## Exercise requirements
The required answer is every line of the data containing the word "trekking".

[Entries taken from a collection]
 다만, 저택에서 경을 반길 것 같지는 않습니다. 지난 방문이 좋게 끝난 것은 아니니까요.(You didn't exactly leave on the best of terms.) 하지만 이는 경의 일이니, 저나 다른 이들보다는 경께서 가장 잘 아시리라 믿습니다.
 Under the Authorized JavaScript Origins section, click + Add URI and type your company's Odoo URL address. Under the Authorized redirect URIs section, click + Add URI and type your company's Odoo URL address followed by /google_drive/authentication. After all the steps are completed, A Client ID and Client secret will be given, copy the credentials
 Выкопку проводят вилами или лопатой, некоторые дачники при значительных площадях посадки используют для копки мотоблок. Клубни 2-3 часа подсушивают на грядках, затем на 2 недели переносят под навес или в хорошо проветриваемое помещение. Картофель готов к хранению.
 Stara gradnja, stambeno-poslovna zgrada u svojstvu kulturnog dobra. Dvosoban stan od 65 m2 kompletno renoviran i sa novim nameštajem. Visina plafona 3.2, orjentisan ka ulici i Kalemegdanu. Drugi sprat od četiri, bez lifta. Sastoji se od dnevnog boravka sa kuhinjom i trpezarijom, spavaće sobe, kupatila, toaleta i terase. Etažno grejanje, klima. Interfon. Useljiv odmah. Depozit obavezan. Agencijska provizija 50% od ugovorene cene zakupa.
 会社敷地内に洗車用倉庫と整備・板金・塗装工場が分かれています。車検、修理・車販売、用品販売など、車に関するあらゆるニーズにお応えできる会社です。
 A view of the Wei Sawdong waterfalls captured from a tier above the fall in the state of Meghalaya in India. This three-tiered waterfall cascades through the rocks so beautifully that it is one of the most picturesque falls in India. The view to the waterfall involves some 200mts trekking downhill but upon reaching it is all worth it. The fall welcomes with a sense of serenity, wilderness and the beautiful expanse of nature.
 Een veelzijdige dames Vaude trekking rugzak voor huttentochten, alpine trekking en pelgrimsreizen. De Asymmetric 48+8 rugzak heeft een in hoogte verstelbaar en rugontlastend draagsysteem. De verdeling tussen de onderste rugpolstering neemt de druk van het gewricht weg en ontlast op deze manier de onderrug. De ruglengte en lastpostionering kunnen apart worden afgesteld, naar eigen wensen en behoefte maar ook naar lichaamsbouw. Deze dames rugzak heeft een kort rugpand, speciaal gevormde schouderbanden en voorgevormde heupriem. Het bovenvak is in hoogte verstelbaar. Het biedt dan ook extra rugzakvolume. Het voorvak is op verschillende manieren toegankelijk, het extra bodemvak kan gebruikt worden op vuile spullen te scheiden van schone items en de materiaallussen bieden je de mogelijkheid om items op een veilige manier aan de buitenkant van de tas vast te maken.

## Result below
 A view of the Wei Sawdong waterfalls captured from a tier above the fall in the state of Meghalaya in India. This three-tiered waterfall cascades through the rocks so beautifully that it is one of the most picturesque falls in India. The view to the waterfall involves some 200mts trekking downhill but upon reaching it is all worth it. The fall welcomes with a sense of serenity, wilderness and the beautiful expanse of nature.
 Een veelzijdige dames Vaude trekking rugzak voor huttentochten, alpine trekking en pelgrimsreizen. De Asymmetric 48+8 rugzak heeft een in hoogte verstelbaar en rugontlastend draagsysteem. De verdeling tussen de onderste rugpolstering neemt de druk van het gewricht weg en ontlast op deze manier de onderrug. De ruglengte en lastpostionering kunnen apart worden afgesteld, naar eigen wensen en behoefte maar ook naar lichaamsbouw. Deze dames rugzak heeft een kort rugpand, speciaal gevormde schouderbanden en voorgevormde heupriem. Het bovenvak is in hoogte verstelbaar. Het biedt dan ook extra rugzakvolume. Het voorvak is op verschillende manieren toegankelijk, het extra bodemvak kan gebruikt worden op vuile spullen te scheiden van schone items en de materiaallussen bieden je de mogelijkheid om items op een veilige manier aan de buitenkant van de tas vast te maken.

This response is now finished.